Kommentar Moskaus Streit um Libyen: Libyen als Profilschärfer
Russlands Präsident Medwedjew und Premier Putin streiten über die Bomben, die auf Libyen geworfen werden. Nur hohe Schule der Illusionskunst? Wohl eher Wahltaktik.
W estliche Bomben auf Libyen haben in Moskau einen unerwarteten Kollateralschaden verursacht. Präsident Dmitri Medwedjew und Premier Wladimir Putin lasen sich im staatlich kontrollierten TV hochemotional die Leviten. Putin preschte vor und geißelte das westliche Vorgehen in Libyen in Gaddafis Worten als einem "mittelalterlichen Kreuzzug".

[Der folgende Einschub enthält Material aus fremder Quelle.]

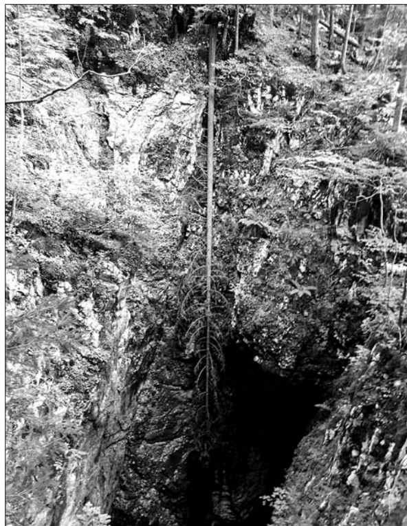
Brezno pod cesto, ki vodi k Jelenovemu Žlebu.

Italijanske smrtno žrtve spopada lahko – glede na usodo njihovih zemeljskih ostankov – vsaj po poročilih v arhivskih virih razdelimo v tri skupine. Prvo predstavljajo padli na samem območju spopada. Iz ohranjenih pričevanj je znano, da so bili med številnimi italijanskimi vojaki, ki so v spopadu obležali na ožjem območju bojev, tudi ranjenci. Nekaj so jih italijanski soborci očitno rešili že med umikom, čeprav naj bi italijanske enote ob pobiranju mrtvih naslednjega dne reševale tudi ranjence. Iz arhivskih virov ni mogoče jasno razbrati podatkov o ravnanju zmagovalcev bitke s to kategorijo žrtev spopada; 58 o njihovi nadaljnji usodi lahko torej glede na naravo
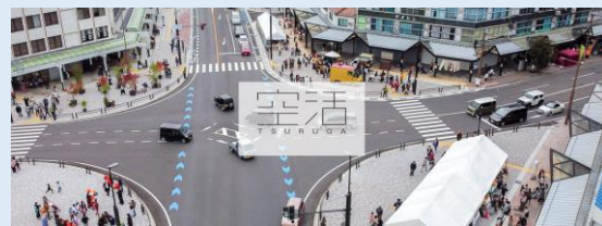
空活ホームページトップ

事業参画にご興味のある方や事業の概要について知りたい方は、ぜひご視聴ください。また、お申込みいただいた方にはアンケートを送付させていただきますので、ご協力をお願いいたします。
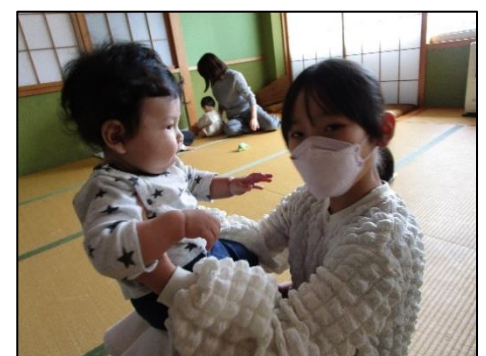
6年：福祉の学習の様子

Medwedjew konterte sinngemäß, es empfehle sich, erst nachzudenken und dann den Mund aufzumachen. Russland hatte sich im UN-Sicherheitsrat der Stimme enthalten. Entscheidungen solcher Reichweite werden in Moskau grundsätzlich im Konsens getroffen. Kaum vorzustellen, dass Putin nicht gefragt wurde. Der Kremlchef schien die Philippika seines Ziehvaters denn auch wie einen Dolchstoß zu empfinden.
Widersprüche gab und gibt es. Meist waren es Nuancen, die den Eindruck hinterließen, als seien es bewusste Dissonanzen, deren Inszenierung der Überzeugung entgegenwirken sollte, Kremlchef Medwedjew sei nur eine Marionette des "nationalen Liders". Auf diese Weise gelang es auch, unterschiedliche Interessenkartelle einzubinden. Moskaus Politikszene ist eine hohe Schule der Verstell- und Illusionskunst. Auch diesmal könnte es so sein.
ist Russland-Korrespondent der taz.
Wären da nicht die Wahlen im nächsten Jahr und beider Wunsch, Präsident zu werden. Wer darf, muss demnächst entschieden werden. Die Eliten sind unzufrieden, während Putin zunehmend deplatziert wirkt und seinem großen Russland nicht gewachsen scheint. Das spürt Medwedjew und wittert eine Chance. Nur reichen seine Kräfte nicht, auch wenn Putin an Kraft verliert.
Klar ist unterdessen, beide haben weder die Kraft, die Macht noch eine Vorstellung davon, wie sie Russland aus gesellschaftlichen Stagnation herausholen könnten. Wie gesagt, nur Nuancen unterscheiden sie.